Fig.3 shows that UNet is performing slightly better than FCN in general. In comparison between the loss functions,$$$loss_{xent}+loss_{dice}$$$perform decently in segmenting the thigh. However, when dealing with partially segmented calf training images, necessity of using the amended weightage mask $$$w_{i,j(,k)}$$$ can be seen (Fig.5). Common application of weightage mask in $$$loss_{xent}$$$ is equivalent to the $$$fn$$$ mode, which optimizes only the true positive and false negative errors. This works well in cases where each voxels in the image is classified into a known class, since voxels contributing to false positive error in one class is also causing false negative error in another class (see Fig.2). In cases of partially labelled image (such as the calves in this study) and existence of unknown class, false positive errors will be ignored under the same scheme. The modified weightage masks resolves this problem by taking both errors into account.

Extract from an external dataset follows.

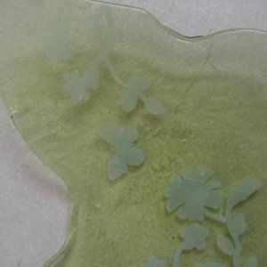 Green glass plate. Shape of a butterfly with white floral design. Measurements: 6" x 6".

While dice loss automatically optimizes both errors, crossentropy loss has a simpler gradient and hence may lead to higher stability during training. Resulting slice-wise loss results (Fig.4) indicate poorer classification at near-edge slices of the image. This is likely due to slices with muscles with small in-slice volume and a paucity of training data.